## Work instructions
Transcribe every line of the material below exactly, leaving out the pictures.

--- START ---

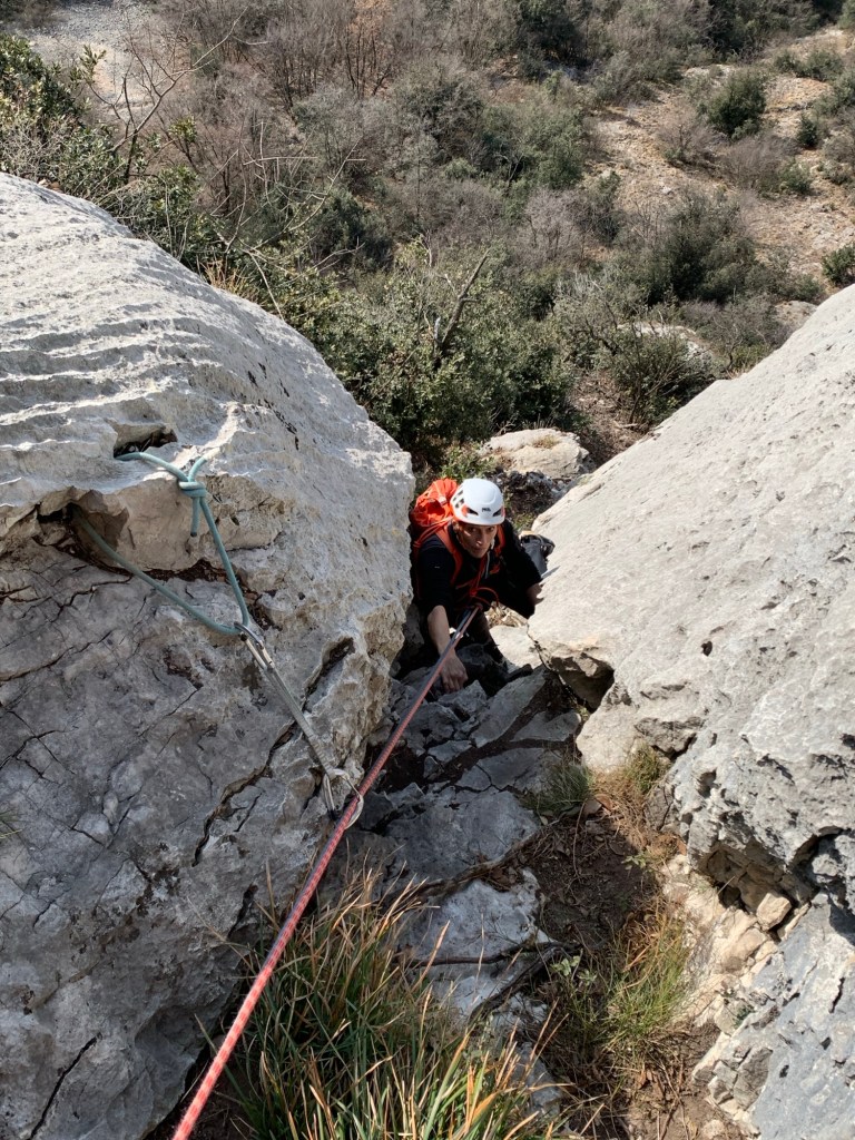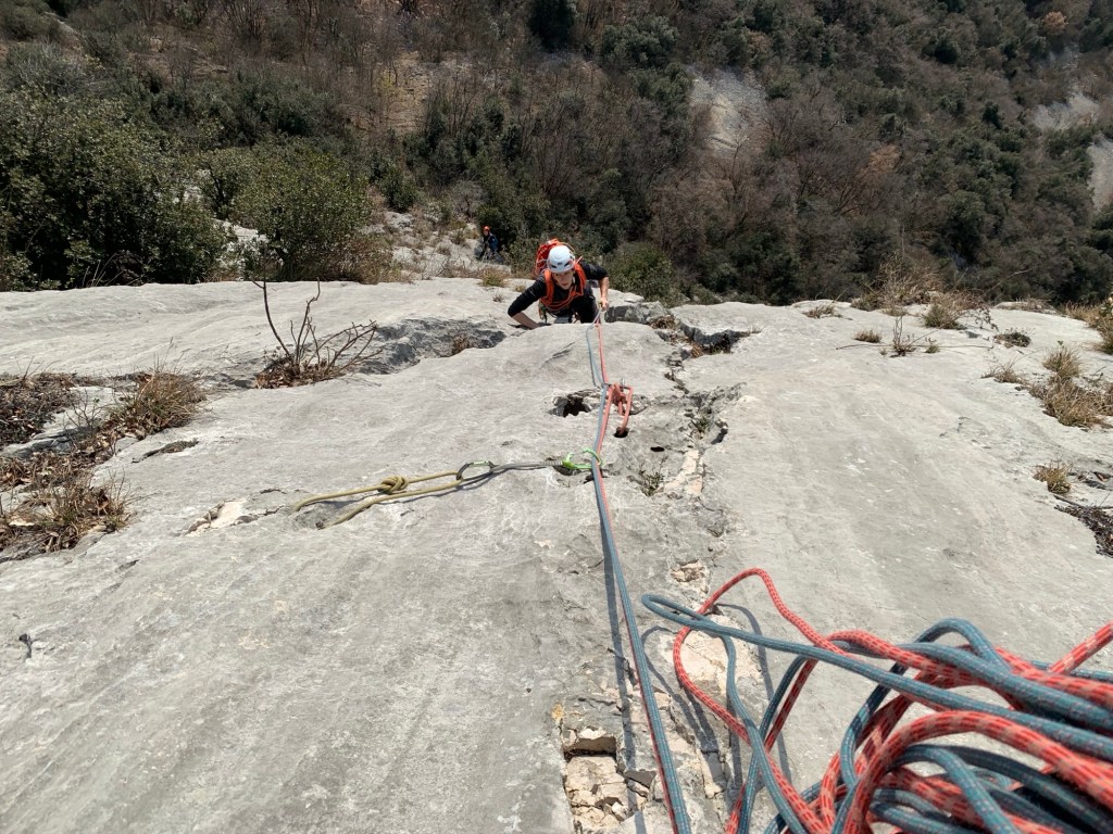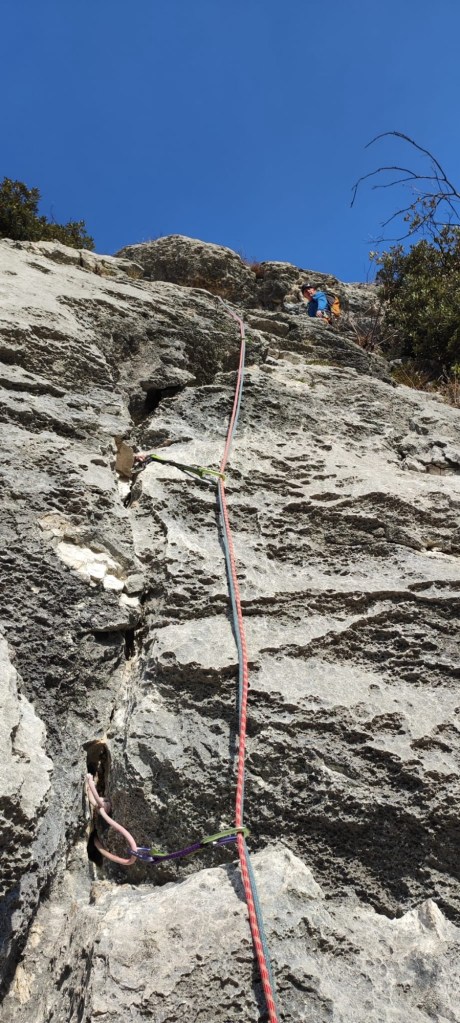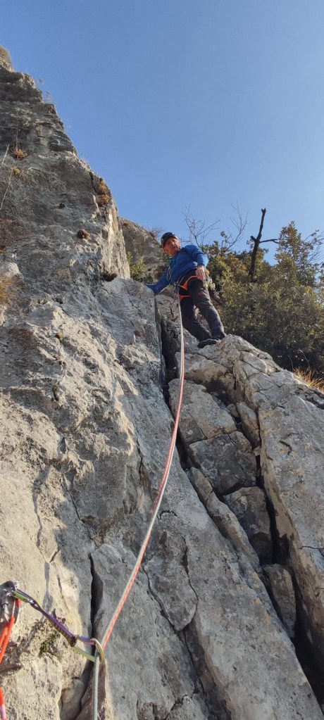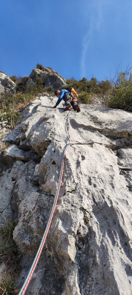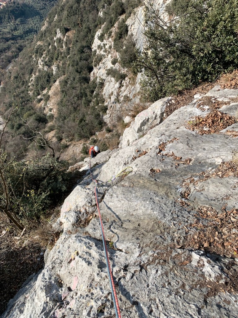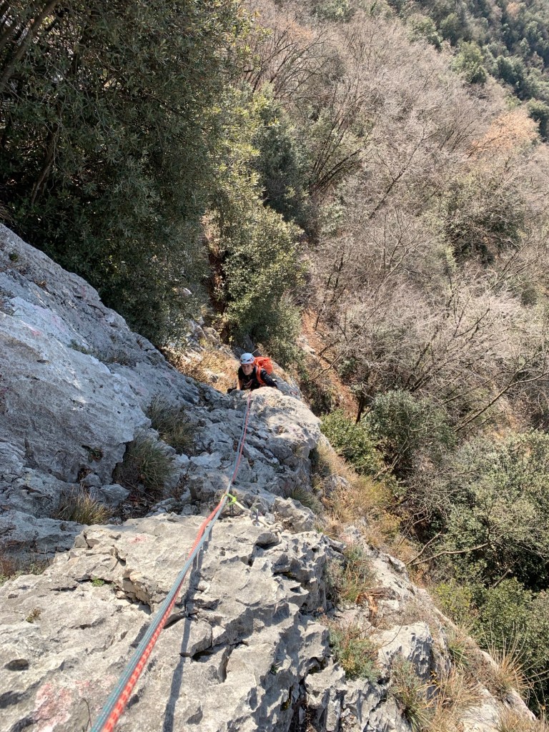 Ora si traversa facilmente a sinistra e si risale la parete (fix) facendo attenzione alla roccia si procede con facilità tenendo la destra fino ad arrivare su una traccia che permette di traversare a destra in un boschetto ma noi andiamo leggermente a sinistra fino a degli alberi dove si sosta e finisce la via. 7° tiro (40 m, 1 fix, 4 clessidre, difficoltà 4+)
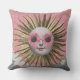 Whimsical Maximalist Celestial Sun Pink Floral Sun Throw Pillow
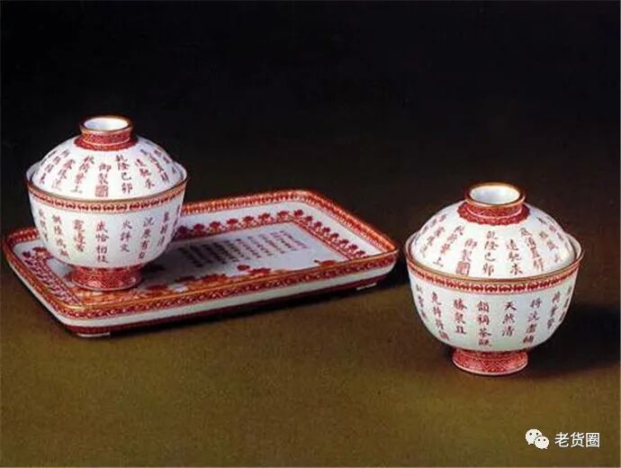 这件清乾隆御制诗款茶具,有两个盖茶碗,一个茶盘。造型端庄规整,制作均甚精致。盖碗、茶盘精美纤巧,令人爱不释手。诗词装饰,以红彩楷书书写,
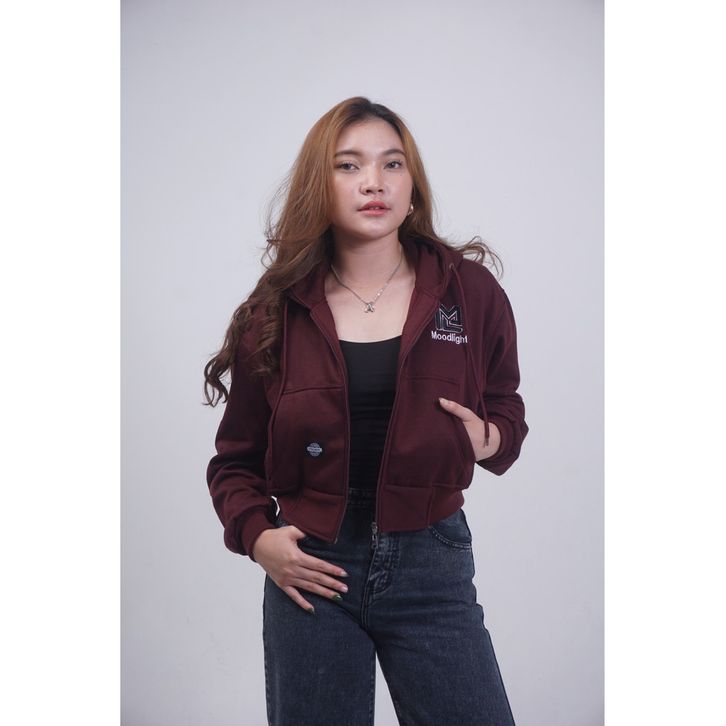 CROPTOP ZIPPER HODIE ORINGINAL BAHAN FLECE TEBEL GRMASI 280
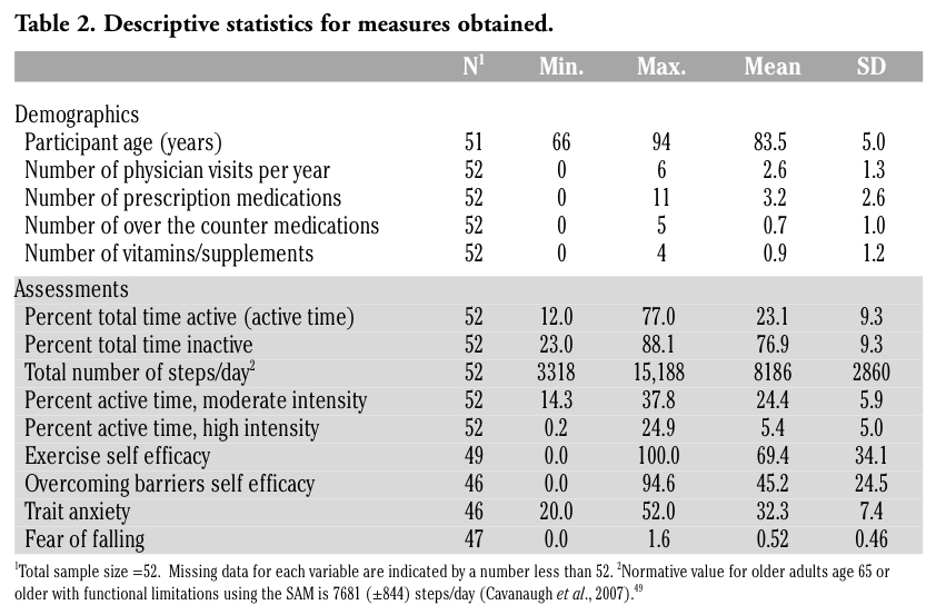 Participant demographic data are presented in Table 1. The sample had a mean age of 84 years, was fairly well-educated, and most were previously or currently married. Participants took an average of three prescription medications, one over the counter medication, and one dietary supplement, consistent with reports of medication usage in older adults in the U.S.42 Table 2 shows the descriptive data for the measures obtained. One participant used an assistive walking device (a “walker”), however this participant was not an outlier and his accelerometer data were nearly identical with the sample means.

--- END ---

## Answer section
 Ora si traversa facilmente a sinistra e si risale la parete (fix) facendo attenzione alla roccia si procede con facilità tenendo la destra fino ad arrivare su una traccia che permette di traversare a destra in un boschetto ma noi andiamo leggermente a sinistra fino a degli alberi dove si sosta e finisce la via. 7° tiro (40 m, 1 fix, 4 clessidre, difficoltà 4+)
 Whimsical Maximalist Celestial Sun Pink Floral Sun Throw Pillow
 这件清乾隆御制诗款茶具,有两个盖茶碗,一个茶盘。造型端庄规整,制作均甚精致。盖碗、茶盘精美纤巧,令人爱不释手。诗词装饰,以红彩楷书书写,
 CROPTOP ZIPPER HODIE ORINGINAL BAHAN FLECE TEBEL GRMASI 280
 Participant demographic data are presented in Table 1. The sample had a mean age of 84 years, was fairly well-educated, and most were previously or currently married. Participants took an average of three prescription medications, one over the counter medication, and one dietary supplement, consistent with reports of medication usage in older adults in the U.S.42 Table 2 shows the descriptive data for the measures obtained. One participant used an assistive walking device (a “walker”), however this participant was not an outlier and his accelerometer data were nearly identical with the sample means.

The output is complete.